ASSIGNMENT => As the answer, give exactly the lines of the records below from the one with "- NOTIZIE STORICO" through the one with "The results show", ends included and pictures left out.

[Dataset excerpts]
========================================
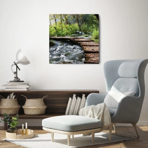 Relógio de parede - Relógio em vidro - Sobre a cascata espumosa - 30x30 cm
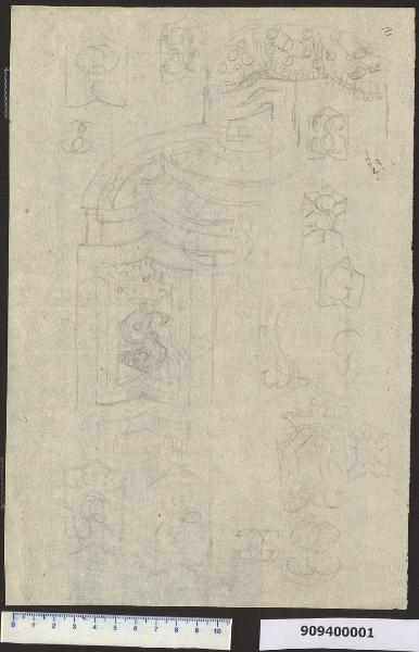 - NOTIZIE STORICO CRITICHE Il disegno presenta i primi studi di Giacomo Sardini per la realizzazione del portone della sua residenza di Lucca, che riguardano la rosta (inferriata a forma di ventaglio posta sopra la porta d'ingresso) e ipotesi di "sigle" relative alle iniziali del proprio nome ("S" e "G"), che pensava inizialmente di apporre all'interno di un riquadro dell'imposta, quasi a creare uno stemma di famiglia sovrastato da una corona.\nLa rosta rappresentata è simile nella composizione a quella di un disegno successivo più definito, anche se diversa da quanto realizzato (Milano, Collezione Sardini Martinelli inv. 9,125/5).
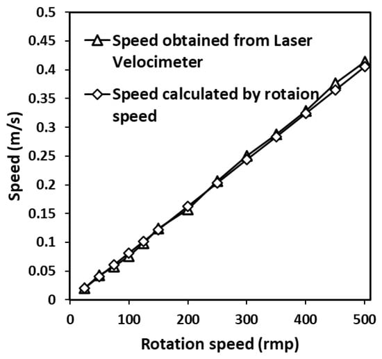 The results show that the speed measured by the laser velocimeter increased with the increasing rotation speed. It is important to note that the observed trend is linear. It means that the increase in the speed was due to the increase in the rotation speed. The speed measured by the laser velocimeter could reflect changes in rotation speed without distortion. The result is in agreement with the dual-beam LDV. Both of these speed measurement methods are based on the generated fringes, and how the fringes are generated is different. Therefore, the method proposed can achieve speed measurement and is expected to have more advantages in certain aspects.
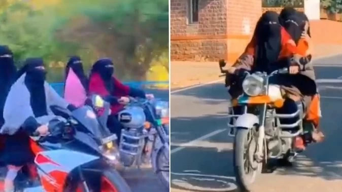 In the 43-second video, two girls wearing burqa and hijab are seen driving a bullet and sports bike on VIP Road in Bhopal. Two other girls are also sitting behind him wearing a burqa. Girls riding bullets and bikes make the sign of Viktri. After some time in the video, the girl sitting behind on the bike gives a flying kiss. The color of the front number plate of the bullet is the color of the BJP flag. On the other hand, in another viral video, 4 girls are seen sitting on a bike, in which two girls sitting behind are making a sign of Victory. The girls are wearing burqa but not wearing helmet. Earlier on Wednesday, the girls had played football and cricket wearing hijabs to protest the statement of School Education Minister Inder Singh Parmar. Also said that we are comfortable in hijab.
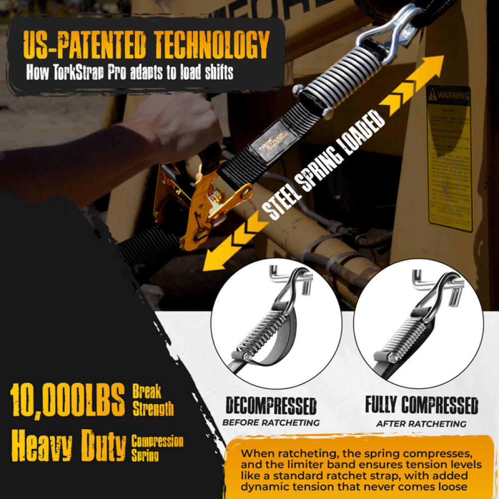 نقدم لك TorkStrap Pro، الحل الأمثل لنقل البضائع بأمان. توفر أحزمة الشد الذاتي مقاس 25 × 2 بوصة، المصممة بتقنية الزنبرك الحاصلة على براءة اختراع في الولايات المتحدة، موثوقية لا مثيل لها. لا مزيد من المتاعب في تعديل أحزمة الشد حيث تعمل TorkStrap Pro على شد نفسها إذا تحرك الحمل أو انخفض، مما يضمن شدًا وأمانًا ثابتين.
========================================
OUTPUT =>
 - NOTIZIE STORICO CRITICHE Il disegno presenta i primi studi di Giacomo Sardini per la realizzazione del portone della sua residenza di Lucca, che riguardano la rosta (inferriata a forma di ventaglio posta sopra la porta d'ingresso) e ipotesi di "sigle" relative alle iniziali del proprio nome ("S" e "G"), che pensava inizialmente di apporre all'interno di un riquadro dell'imposta, quasi a creare uno stemma di famiglia sovrastato da una corona.\nLa rosta rappresentata è simile nella composizione a quella di un disegno successivo più definito, anche se diversa da quanto realizzato (Milano, Collezione Sardini Martinelli inv. 9,125/5).
 The results show that the speed measured by the laser velocimeter increased with the increasing rotation speed. It is important to note that the observed trend is linear. It means that the increase in the speed was due to the increase in the rotation speed. The speed measured by the laser velocimeter could reflect changes in rotation speed without distortion. The result is in agreement with the dual-beam LDV. Both of these speed measurement methods are based on the generated fringes, and how the fringes are generated is different. Therefore, the method proposed can achieve speed measurement and is expected to have more advantages in certain aspects.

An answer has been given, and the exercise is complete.